Dependently typed languages are what you use for this kind of thing.
I mean, in untyped lambda calculus you start with simple objects that are fully specified and you compose them to get more complex objects. I think one should be able to do the "opposite" thing, i.e. start with potentially complicated objects and restrict those down by adding relational conditions on them.
So I am looking for some (minimalistic) formalism to do that, something like "lambda calculus in reverse". In classic Lisp, there were operators CAR, CDR and EQ which let you introspect any lambda expression. So maybe there should exist a formalism having these decompositional operators as primitives..

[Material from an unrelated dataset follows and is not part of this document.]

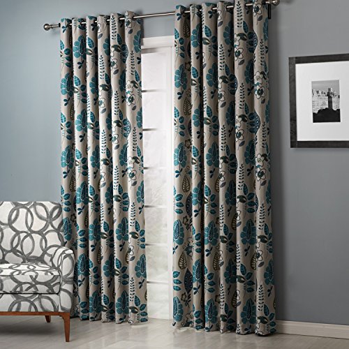 TWOPAGES Faux Linen Blue Leaf 90% Blackout Curtain Drapes Grommet(One Panel) 72Wx96

[0] http://wiki.portal.chalmers.se/agda/pmwiki.php?n=Libraries.S...
Roughly the same way one can express the concept in mathematics. You say "this set forms a monoid under that operation, with such-and-such identity element", and optionally include some argument (or, ideally, proof) that this is the case.
In (traditional/most) math, that is only checked by humans.
In Haskell, it is checked by humans and hopefully tests (laws often make great QuickCheck properties!).
If we had an interface called "Appendable", that leaves room for arguing over the boundaries of what "really" counts as "appending". This is contentious, because interfaces define what we should be able to rely on.
In Haskell, it's entirely clear what is and is not a Semigroup. Does it follow the Semigroup laws? Okay, it's a Semigroup! What can I rely on if I ask for a Semigroup? The Semigroup laws.
Discussion of, say, whether "container" is a good way to think of a "functor" is more quickly recognized as a purely pedagogical question - which doesn't mean it can't be contentious, but doesn't as much get in the way of getting work done.